Ее приятель вернулся, принес большой поднос, нагруженный чашками, чайником с длинным носиком, вазочкой с печеньем и тарелкой с фруктами, поставил все на кофейный столик и подкатил поближе к дивану. Он успел снять пальто и предстал перед нами в идеально отутюженной белой рубашке с расстегнутым верхними пуговицами и черных брюках. Очки он тоже снял и похоже прекрасно обходился без них, но по-прежнему старался не встречаться со мной глазами, поэтому пожелал приятного аппетита, а сам развалился в кресле под портретом, потирая подбородок тонкими пальцами.
Адилин разливала чай, когда в комнату вошел Фабрис, тепло улыбаясь мне, как старой знакомой.
– Простите, Марта, что заставил ждать, – извинился он. – Я уже немолод и частенько ложусь рано, поэтому нужно было одеться, когда вы приехали. Насколько я понимаю, сегодня вам пришлось особенно тяжело?
Фабрис пододвинул к дивану кресло, взял чашку и сел, вопросительно глядя на меня.
– Ну да, тяжело, – призналась я. – Вы действительно разбираетесь в этом и можете помочь?
– Можем, но для начала нужно узнать, с чем имеем дело. Что же необычного с вами приключилось за то короткое время, пока я не имел удовольствия вас видеть?
Я уставилась в чашку. Воспоминания о нитях, таких манящих позавчера, когда они тянулись от Рива, и таких отвратительных сегодня, когда они набросились на меня разом, смешивались в голове.
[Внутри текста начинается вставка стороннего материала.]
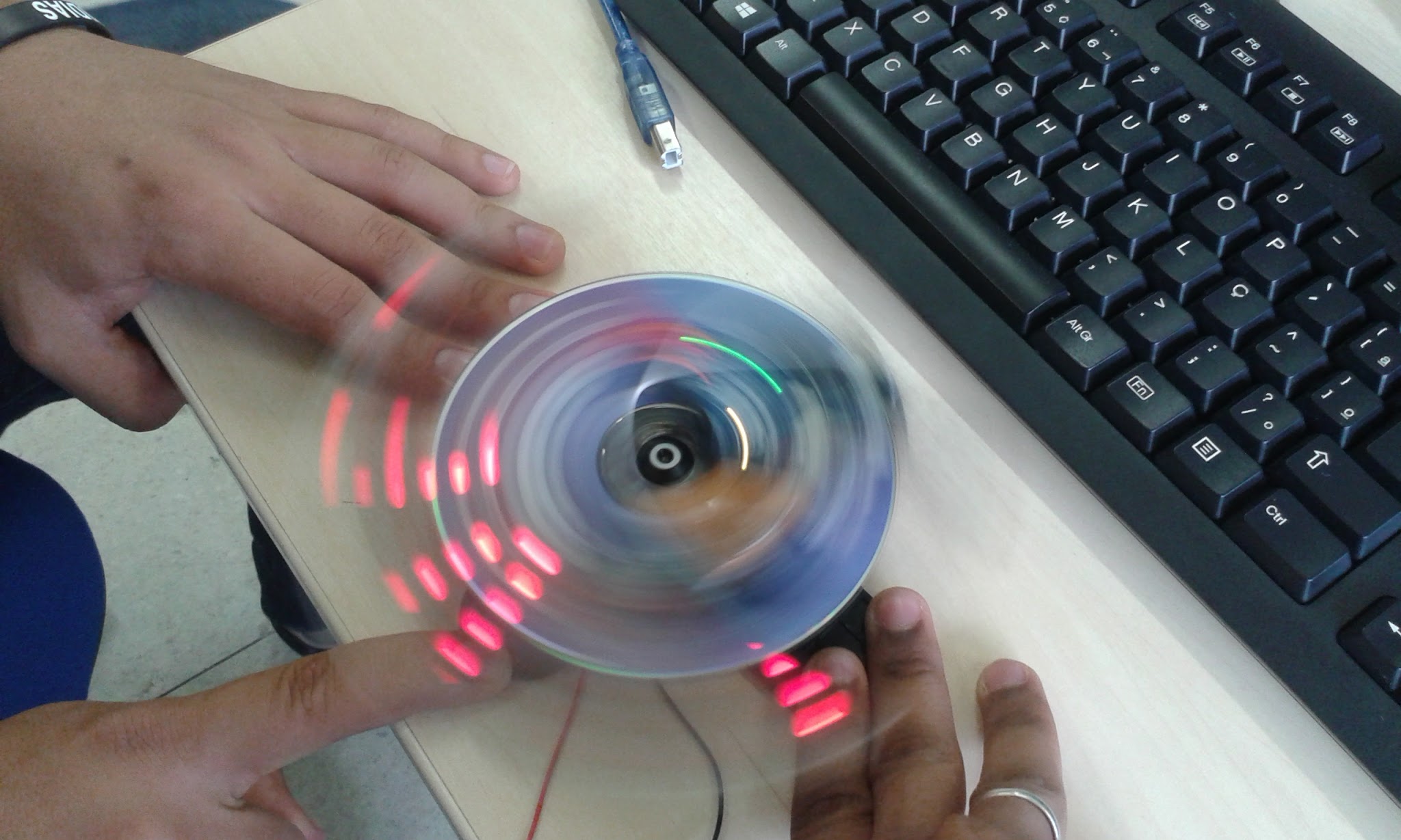 Enquanto fazíamos as pesquisas a respeito do POV utilizando o Arduino, levantamos alguns dilemas. Dentre eles, um dos principais foi: como medir com mais eficácia a frequência (velocidade de rotação) do motor sem utilizar nada mais além do que temos, sem deixar de considerar a variação causada pelo peso do aparato fixo ao CD? A alternativa foi procurar algo que já existisse e que pudéssemos adaptar. No fim, como o peso e a variação da base alteraram a estabilidade / velocidade do conjunto como um todo, foi importante ter levantado esse questionamento desde o começo. A ideia por trás de todo esse aparato é criar símbolos (no nosso caso, letras) que possam ser escritos utilizando-se da piscada dos LEDs que, de acordo com a frequência de rotação do disco, sejam capazes de formar conjuntos (no nosso caso, palavras) que se repitam de forma estática criando a ilusão de um display que transmita algum tipo de mensagem.

Как бы я хотела назвать их фантазией, плодом не на шутку разыгравшегося воображения! Но внутреннее чутье подсказывало: все правда, а в этой комнате сидят единственные люди, способные понять мое состояние, а может быть, даже научить с этим жить.
– Еще пару дней назад я увидела, как от одного человека начали исходить потоки. Я называю их так, не могу подобрать слово точнее. – Выразить мысль получалось плохо, но все внимательно слушали, а Адилин, подбадривая, снова похлопала меня по руке. – Того человека окутало яркое свечение, и оно растекалось в разные стороны. Понимаете, оно постоянно лилось, словно вода из крана. И эти струи тянулись ко мне; казалось, я могу вместить, впитать их в себя, поэтому прикоснулась к ним. И знаете, они не цельные, а состоят из множества каких-то нитей. Я рассматривала каждую, перебирала по очереди, но все равно не разобралась, что они из себя представляют. Хотела вытащить одну, но ничего не получилось. Вы понимаете?
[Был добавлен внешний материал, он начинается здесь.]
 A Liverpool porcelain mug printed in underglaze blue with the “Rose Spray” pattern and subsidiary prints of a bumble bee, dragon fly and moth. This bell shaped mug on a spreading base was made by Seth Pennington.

– Мы-то понимаем, – тихо сказала Адилин.
– Сегодня видения повторились с другим человеком, и его нити были совсем не красивые. Они очень напугали меня. А потом это случилось с другими, со многими людьми разом, их потоки буквально напали на меня, чуть не разорвали на части. Я не знаю, что делать, не умею защищаться.
– Ты излишне доверчива и любопытна, – безапелляционно заявил мужчина, сидящий под портретом, – вот и тянешь все на себя. Уверен, у тебя часто спрашивают дорогу или просят денег.
– Так и есть, – усмехнулась я. Почти каждый день ни с того ни с сего со мной заговаривал кто-нибудь на улице, а Джилл шутила, что даже на необитаемом острове у меня обязательно найдутся собеседники. – Я привыкла к этому, но без вас сегодня бы не справилась. Спасибо вам и, пожалуйста, простите мое поведение в машине.
– Не стоит благодарности, – отмахнулся он, расплываясь в улыбке, – и мы же перешли на ты, помнишь?
Я кивнула. Фабрис спокойно смотрел куда-то в потолок, поглаживая седую бороду. Его не удивила моя история, а может быть, он просто никогда не терял выдержки. Адилин наклонилась ко мне и мягко спросила:
– Дорогая, а ты сама-то понимаешь, что именно видела?
От ласковых интонаций, внимания, которым окружили меня двое пожилых людей, горького запаха ромашки и тепла этого уютного, гостеприимного дома в глазах защипало. Человек в кресле весь подался вперед, безмолвно требуя ответа, и глядя ему куда-то в плечо, я прошептала:
– Мне кажется, я вижу чувства.
Насколько бы абсурдно не прозвучало последнее заявление, все в комнате моментально расслабились. Адилин замурлыкала под нос какую-то мелодию, подливая чая нам в чашки, а Фабрис с улыбкой воскликнул:
– Ах чувства, прекрасное порождение душ человеческих! Вам так повезло, зачем же расстраиваться! Вы ведь знаете, кто мы такие? – Он обвел рукой присутствующих. – Мы не самые простые люди. Даже если вы не решаетесь поверить, это вовсе не означает, что вы не знаете, Марта. Предлагаю подсказку: раньше бы нас назвали Живущими в тумане.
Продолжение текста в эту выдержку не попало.